EXERCISE INSTRUCTIONS
Below are records that contain pictures; transcribe the text exactly and omit the pictures.

EXCERPTED RECORDS
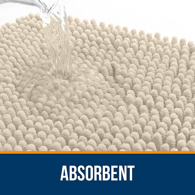 OLANLY Bathroom Rugs 44x24, Extra Soft Absorbent Chenille Bath Rugs, Rubber Backing Quick Dry, Machine Washable Bath Mats for Bathroom Floor, Tub and Shower, Home Decor Accessories, Sand
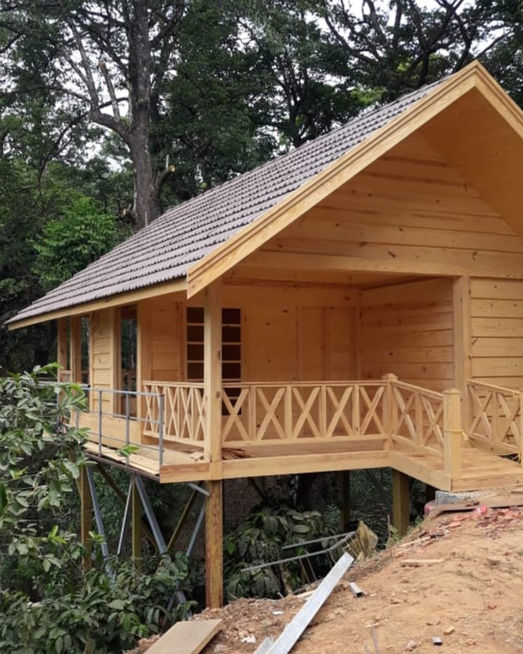 This project showcases various elevated wooden structures, including cabins and houses, set in natural surroundings. The designs feature unique architectural elements such as stilts, metal supports, and wraparound porches.
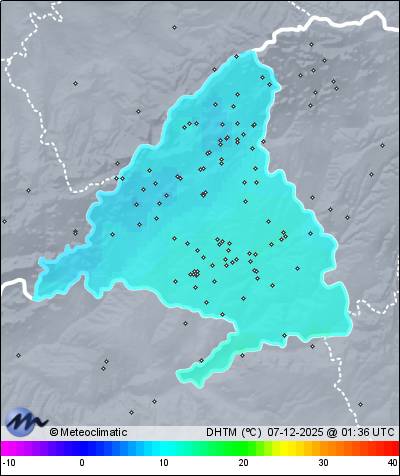 | Actualizado: 00:16 UTC | 8,7°C 95% | 8,9 °C / 95% |  | | 8,7°C / 95% | | Calma | | 3 km/h | | 1.022 hPa |
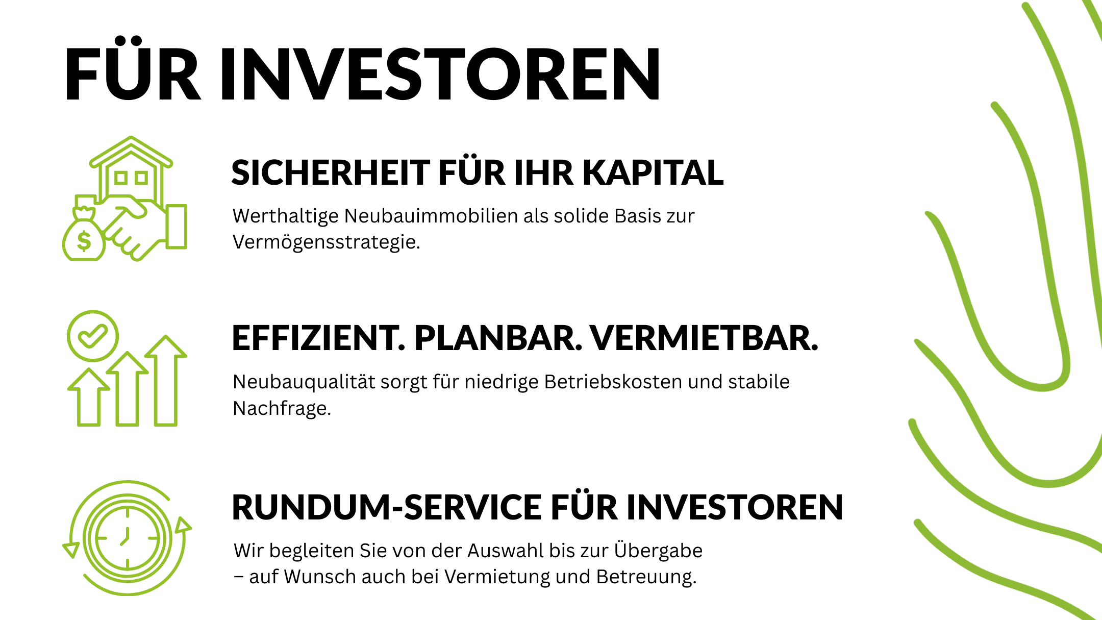 Von der Auswahl geeigneter Grundstücke über die Projektentwicklung und Architektur bis hin zur Bebauung begleiten wir den gesamten Entstehungsprozess ganzheitlich. Auch bei Vermietung, Verkauf sowie Service und Betreuung stehen wir verlässlich an der Seite unserer Kunden und Partner.
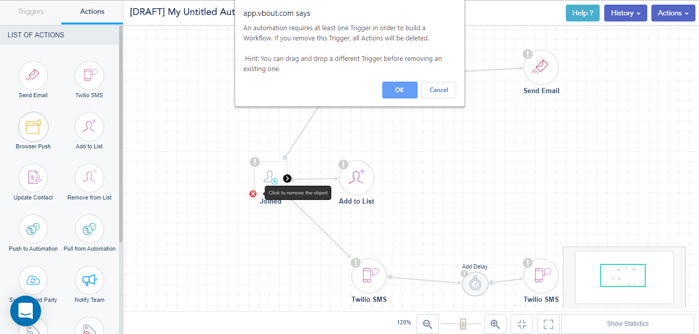 - Remove from List: This action removes contacts from a specified list. Be careful with this action because removing a contact will delete all his related email campaign data (i.e. Clicks and open rate).
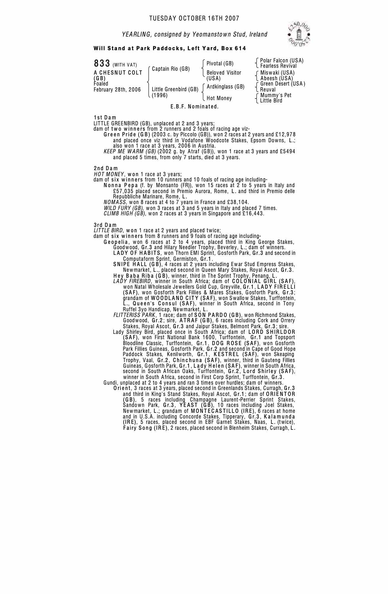 Consignor: Yeomanstown Stud, Ireland
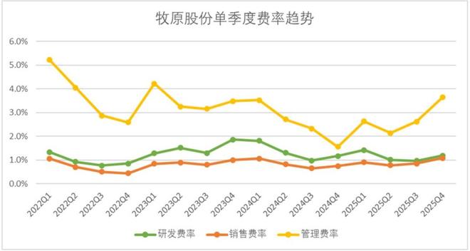 费用层面,2025年第四季度牧原股份的销售费用、管理费用、研发费用分别录得3.5亿元、11.8亿元、3.9亿元,从费率趋势来看,销售费用维持在1.1%、研发费用为1.2%,环比微增了20bp。
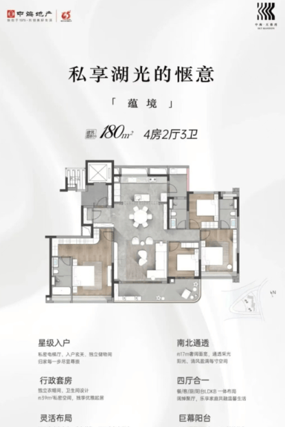 高得房率设计,享受宽敞居住体验:中海天幕湾推出的户型面积范围广泛,从180平方米到237平方米不等,均为两梯两户设计,专梯入户,确保住户的私密性和舒适度。户型采用LDKG一体化设计,部分户型更是拥有270°巨幕阳台,提供极佳的采光和视野。
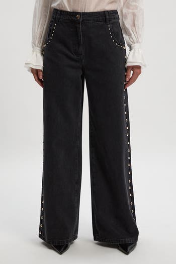 These Karen Millen Denim Studded Wide Leg Trousers combine timeless denim craftsmanship with modern detailing for the discerning woman. The statement studding along the outer seam transforms these trousers from everyday staple to conversation piece.
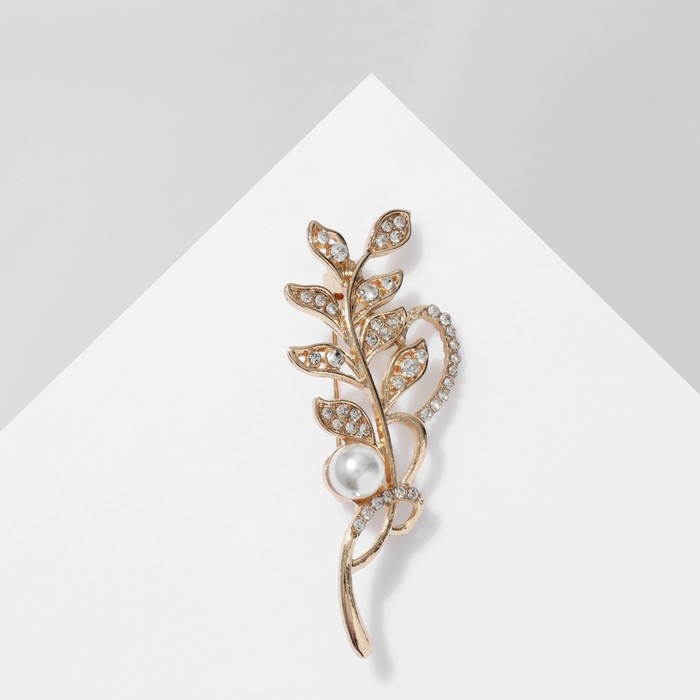 Брошь «Ветвь» с жемчужиной, цвет белый в золоте
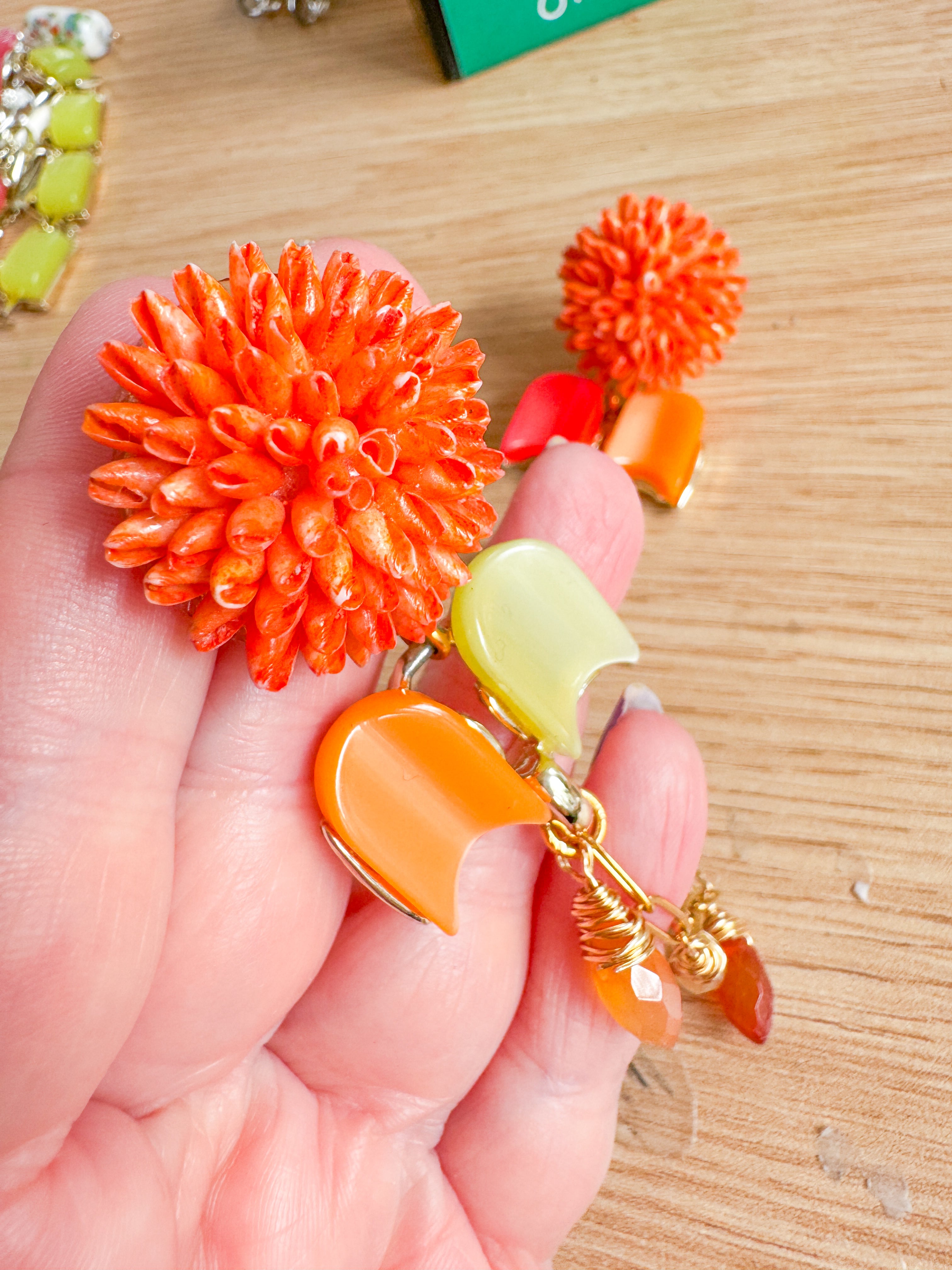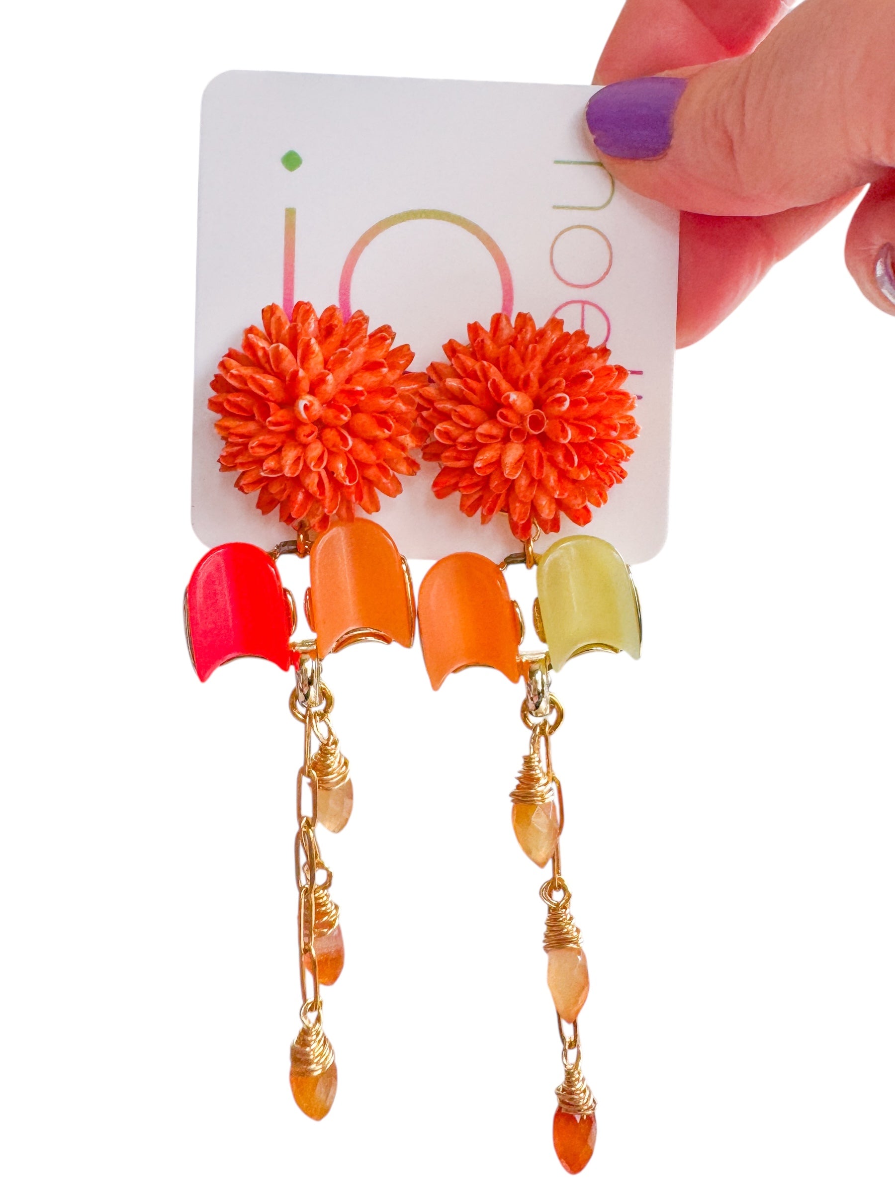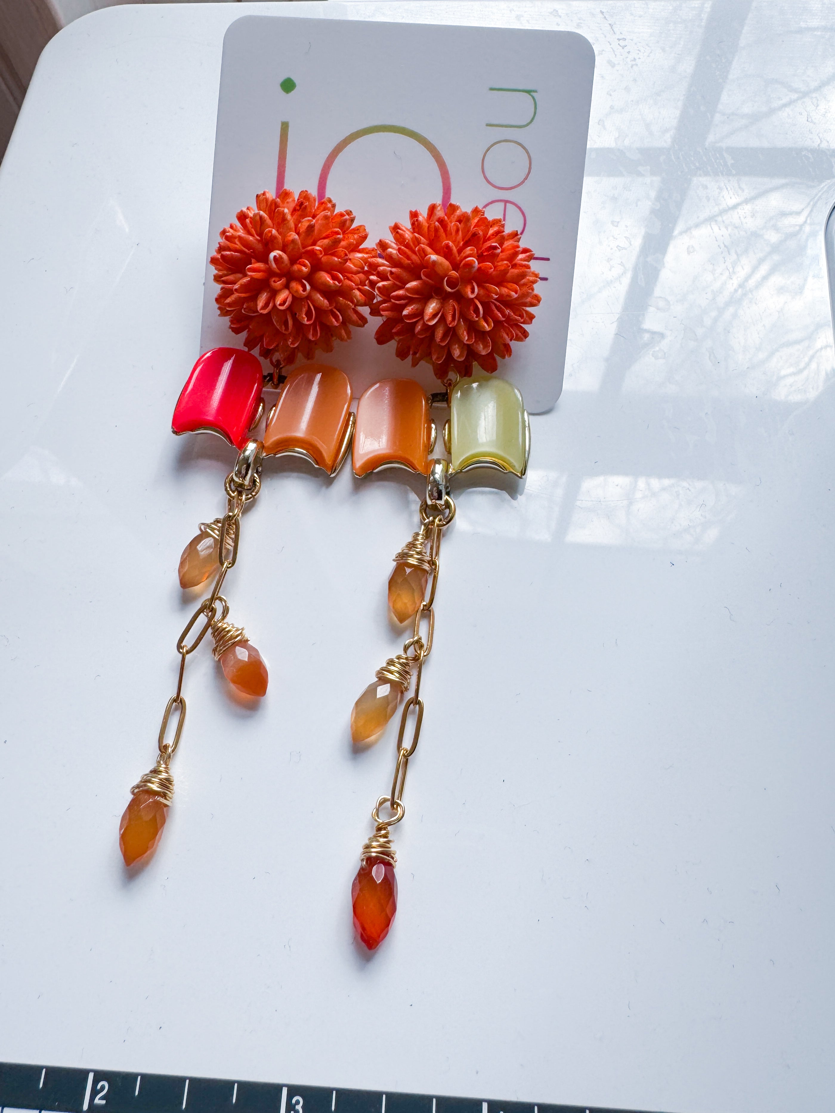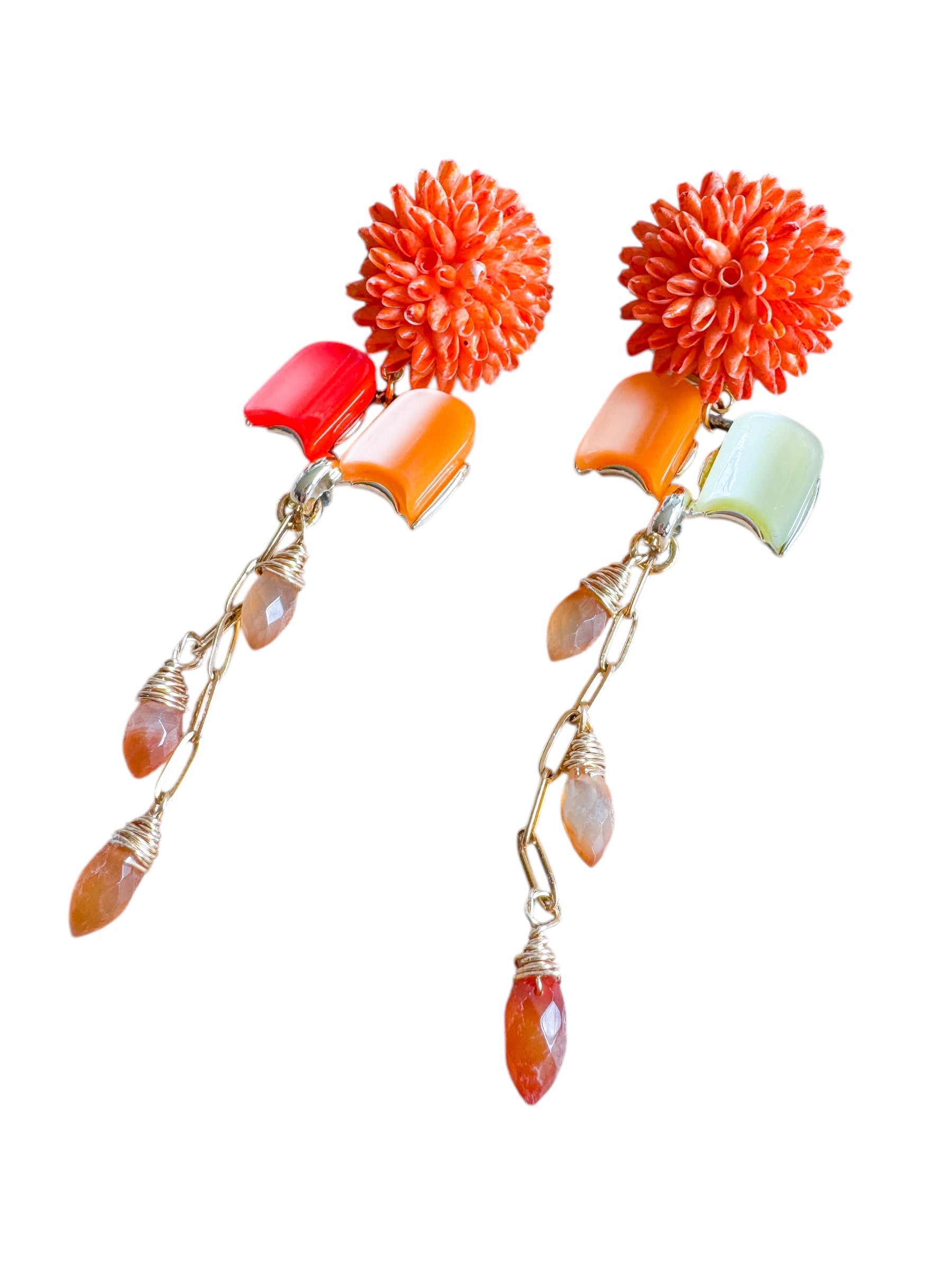 Vintage floral shell clip earrings transformed into posts and paired with MCM thermoset links and a trail of faceted carnelian gemstones. These light weight earrings dangle 3”.

OUTPUT
 OLANLY Bathroom Rugs 44x24, Extra Soft Absorbent Chenille Bath Rugs, Rubber Backing Quick Dry, Machine Washable Bath Mats for Bathroom Floor, Tub and Shower, Home Decor Accessories, Sand
 This project showcases various elevated wooden structures, including cabins and houses, set in natural surroundings. The designs feature unique architectural elements such as stilts, metal supports, and wraparound porches.
 | Actualizado: 00:16 UTC | 8,7°C 95% | 8,9 °C / 95% |  | | 8,7°C / 95% | | Calma | | 3 km/h | | 1.022 hPa |
 Von der Auswahl geeigneter Grundstücke über die Projektentwicklung und Architektur bis hin zur Bebauung begleiten wir den gesamten Entstehungsprozess ganzheitlich. Auch bei Vermietung, Verkauf sowie Service und Betreuung stehen wir verlässlich an der Seite unserer Kunden und Partner.
 - Remove from List: This action removes contacts from a specified list. Be careful with this action because removing a contact will delete all his related email campaign data (i.e. Clicks and open rate).
 Consignor: Yeomanstown Stud, Ireland
 费用层面,2025年第四季度牧原股份的销售费用、管理费用、研发费用分别录得3.5亿元、11.8亿元、3.9亿元,从费率趋势来看,销售费用维持在1.1%、研发费用为1.2%,环比微增了20bp。
 高得房率设计,享受宽敞居住体验:中海天幕湾推出的户型面积范围广泛,从180平方米到237平方米不等,均为两梯两户设计,专梯入户,确保住户的私密性和舒适度。户型采用LDKG一体化设计,部分户型更是拥有270°巨幕阳台,提供极佳的采光和视野。
 These Karen Millen Denim Studded Wide Leg Trousers combine timeless denim craftsmanship with modern detailing for the discerning woman. The statement studding along the outer seam transforms these trousers from everyday staple to conversation piece.
 Брошь «Ветвь» с жемчужиной, цвет белый в золоте
 Vintage floral shell clip earrings transformed into posts and paired with MCM thermoset links and a trail of faceted carnelian gemstones. These light weight earrings dangle 3”.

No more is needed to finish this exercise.